AV: Thanks, Scott. I appreciate that. Making devices and websites talk is both cool and useful, but there is no magic involved; it’s really just data. Google Home, Apple’s Siri, Microsoft’s Cortana, and Amazon’s Alexa use information scattered around the Web, and WordLift really does two things: 1) It curates the data about us that we might have disseminated over social networks, Wikipedia, websites like Bloomberg, Crunchbase, or business directories like Yelp, and 2) It improves the confidence value for each statement by using structured data on our websites that confirm both the provenance and the validity for that statement.

Back in 2014 in a research paper, Google introduced the Knowledge Vault (KV), a massive database of world facts accumulated by indexing the Web. Facts in the KV contain a confidence value that is used to distinguish between knowledge statements that have the high probability of being true from others that are less likely to be true. Google’s fact-checking bots continuously update information in the KV and our role is to ensure that they get what they need. This is what WordLift does by helping you create your own knowledge graph.

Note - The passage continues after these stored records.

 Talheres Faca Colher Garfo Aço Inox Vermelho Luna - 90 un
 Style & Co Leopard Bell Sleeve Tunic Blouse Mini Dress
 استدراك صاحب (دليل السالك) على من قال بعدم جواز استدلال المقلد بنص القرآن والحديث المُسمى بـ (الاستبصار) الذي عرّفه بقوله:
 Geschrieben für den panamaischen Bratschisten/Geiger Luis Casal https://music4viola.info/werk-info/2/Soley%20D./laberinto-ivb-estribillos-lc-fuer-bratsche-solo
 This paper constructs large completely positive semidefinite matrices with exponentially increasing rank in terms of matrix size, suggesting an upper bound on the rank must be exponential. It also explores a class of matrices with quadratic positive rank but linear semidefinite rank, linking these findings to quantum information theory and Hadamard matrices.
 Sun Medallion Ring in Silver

SA: What is required for these systems to make use of our content? Why is it that our current content doesn’t work? What needs to change, and how do we do it?

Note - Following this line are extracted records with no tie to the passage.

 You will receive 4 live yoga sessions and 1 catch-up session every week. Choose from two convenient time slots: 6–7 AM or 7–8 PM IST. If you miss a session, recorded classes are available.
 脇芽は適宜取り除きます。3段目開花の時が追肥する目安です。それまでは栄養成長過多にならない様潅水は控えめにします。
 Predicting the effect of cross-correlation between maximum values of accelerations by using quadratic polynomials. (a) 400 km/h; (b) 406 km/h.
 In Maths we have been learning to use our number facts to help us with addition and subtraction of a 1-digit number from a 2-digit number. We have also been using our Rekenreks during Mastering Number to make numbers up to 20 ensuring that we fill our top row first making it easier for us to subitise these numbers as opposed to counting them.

AV: Adding structured data simplifies the life of crawlers and fact-checking bots. The vast majority of the content being created today is unstructured and this creates several issues, especially when machine learning is applied at scale to this content. We need to curate our content, the entities (the “things”) that we care the most about, and the semantic layer that connects both. This is needed to improve the findability of our content and to prepare for a new generation of conversational apps. Chatbots, after all, really are the new websites. Enriched intelligent content (modular, structured, format-free, and semantic) is easy to find. It’s also easy for personal digital assistants and smart agents to organize, process, and repurpose.

SA: My crystal ball is cracked; otherwise I might be able to see the future more clearly than I do now. What do you consider to be the future of content? What is driving these changes and what can technical communicators do to prepare themselves for the changes that are coming their way?

AV: I do agree with you that we cannot predict the future. In a way, the future is now. There are emerging forces in the content industry that will shape our future. As a technical communicator, I would look at the intersection between structured data and machine learning (this is an extremely promising field for the content industry and WordLift is really riding this wave) and blockchain-based media platforms. Projects like Steemit are based on a cryptocurrency that is used to reward content creators and users, and this is going to be a significant paradigm shift.

SA: Thanks for making time to share your insights and experiences with our readers. I appreciate your willingness to share what you know. I know our readers do, too.

AV: Thanks, Scott, it’s a great pleasure for me to have the opportunity to talk about WordLift, our work on semantic technologies, and how the Web is getting smarter every day.